To enable this for a target, add two fields to `deploy-targets.yaml`:

```yaml
prod:
# ... other fields ...
lakebase_secret_scope: pat-app-secrets
lakebase_secret_key: lakebase-pat
```

The deploy process automates the setup:
1. Creates the secret scope (idempotent)
2. Generates a 90-day PAT for the deploying user
3. Stores the PAT in the secret scope
4. Grants the app's SP READ access to the scope

The PAT is refreshed on each deploy. The app reads these via the `LAKEBASE_SECRET_SCOPE` and `LAKEBASE_SECRET_KEY` env vars in `app.yaml`.

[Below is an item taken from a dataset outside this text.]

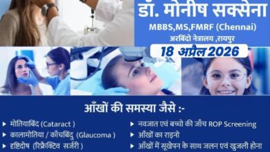 सरायपाली : प्रदेश के प्रख्यात नेत्र चिकित्सा डॉ मोनीष सक्सेना MBBS, MS, FMRF, अरविंदो नेत्रालय रायपुर एवं उनकी टीम अग्रवाल…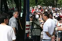 The Major League Baseball Players Association, of whose members one quarter are born outside the U.S., said that the law "could have a negative impact on hundreds of major league players," especially since many teams come to Arizona for spring training, and called for it to be "repealed or modified promptly."[139] A Major League Baseball game at Wrigley Field where the Arizona Diamondbacks were visiting the Chicago Cubs saw demonstrators protesting the law.[140] Protesters focused on the Diamondbacks because owner Ken Kendrick had been a prominent fundraiser in Republican causes, but he in fact opposed the law.[141] The Phoenix Suns of the National Basketball Association wore their "Los Suns" uniforms normally used for the league's "Noche Latina" program for their May 5, 2010 (Cinco de Mayo) playoff game against the San Antonio Spurs to show their support for Arizona's Latino community and to voice disapproval of the immigration law.[142] The Suns' political action, rare in American team sports, created a firestorm and drew opposition from many of the teams' fans;[143] President Obama highlighted it, while conservative radio commentator Rush Limbaugh called the move "cowardice, pure and simple."[144]

**App-side implementation** (in `database.py` or equivalent):
```python
# When LAKEBASE_SECRET_SCOPE and LAKEBASE_SECRET_KEY are set:
# 1. Use default WorkspaceClient (SP auth) to read the PAT from secrets
# 2. Temporarily mask DATABRICKS_CLIENT_ID and DATABRICKS_CLIENT_SECRET
# 3. Create a PAT-based WorkspaceClient to generate Lakebase credentials
# 4. Restore the masked env vars
```

### Seed Data

After a successful deploy, the extension checks for seed data scripts in the project:

- **Primary:** `scripts/seed-data/seed_demo_data.py` – runs with `--target ` and `--with-partners` (if `sfdc_partners.csv` exists)
- **Fallback:** Lists any `.py` files in `scripts/seed-data/` for manual execution

Seed data is idempotent – existing rows are skipped, changed rows are updated. Failure is non-fatal (the deploy succeeds, a warning is shown).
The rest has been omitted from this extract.